Die Spindrift-Tagebücher: Die Memoiren einer Kletterertochter, Teil 3
Die Spindrift-Tagebücher: Die Memoiren einer Kletterertochter, Teil 3
Anonim

Dies ist der dritte Teil einer dreiteiligen Serie aus Laurel Hollands demnächst erscheinendem Buch Spindrift. Ihr Vater, Bill Holland, wurde getötet, als er versuchte, den Slipstream, den 3.000 Fuß hohen gefrorenen Wasserfall in Alberta, Kanadas Jasper National Park, ohne Seil abzusteigen. Seine Leiche wurde 21 Jahre später entdeckt, eine Meile von der geschätzten Stelle seines Sturzes entfernt.

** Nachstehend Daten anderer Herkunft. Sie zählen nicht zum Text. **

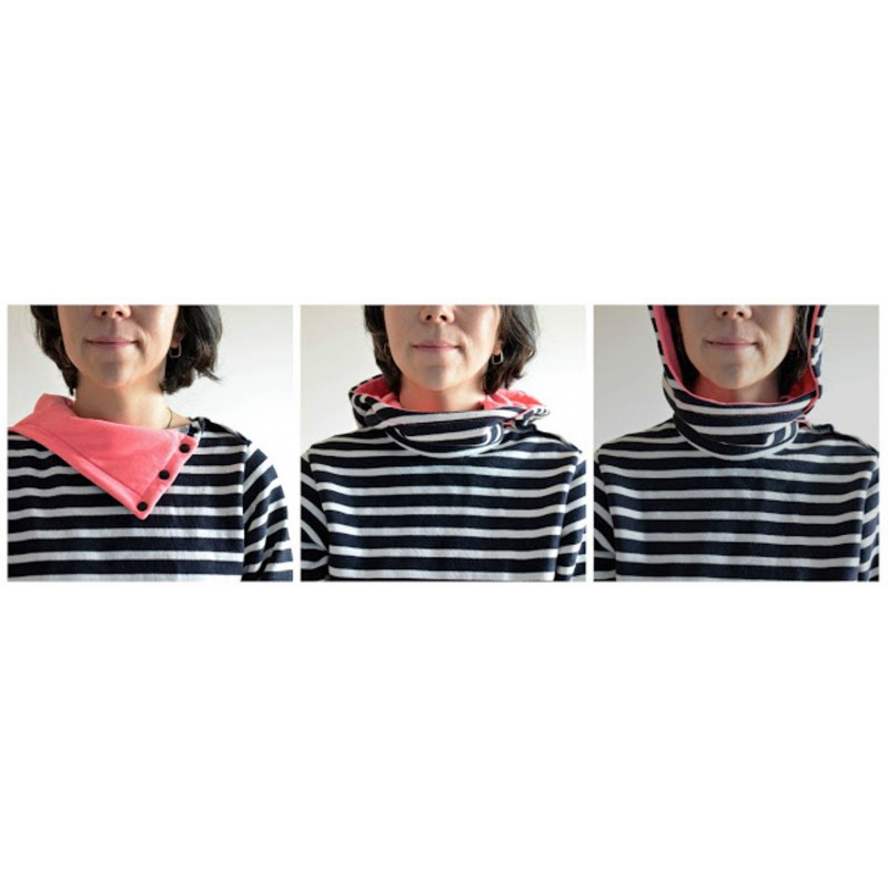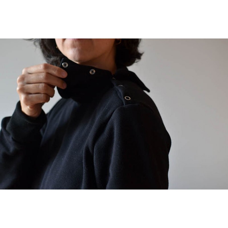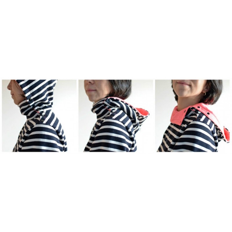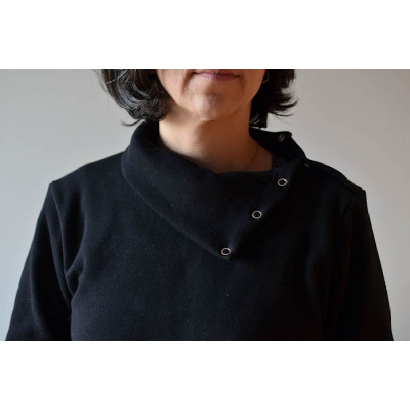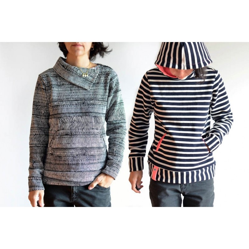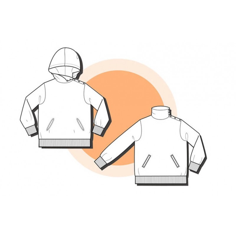 Patrón de sudadera adulto Ele. Sudadera holgada con uno de los hombros abierto con snaps o broches. Versión con cuello tortuga o capucha. Lleva bolsillo tipo monje en el delantero con abertura tipo solapa o abierta.

Sechs Tage lang flog nach dem Unfall meines Vaters täglich Helikopter über den Snow Dome. Sie dokumentierten Luftaufnahmen von einem drei Fuß mal vier Fuß großen Bruch im Gesims auf den oberen Rinnen der Wand, wo Daddy zuletzt gesehen worden war. Aber das Team konnte den Hubschrauber nicht landen oder eine Bodenrettung versuchen. Das wochenlange Sturmsystem hatte das Terrain zu unbeständig gemacht. Die Lawinengefahr war auf dem Höhepunkt. Der Schnee war uneben, der Untergrund zu locker.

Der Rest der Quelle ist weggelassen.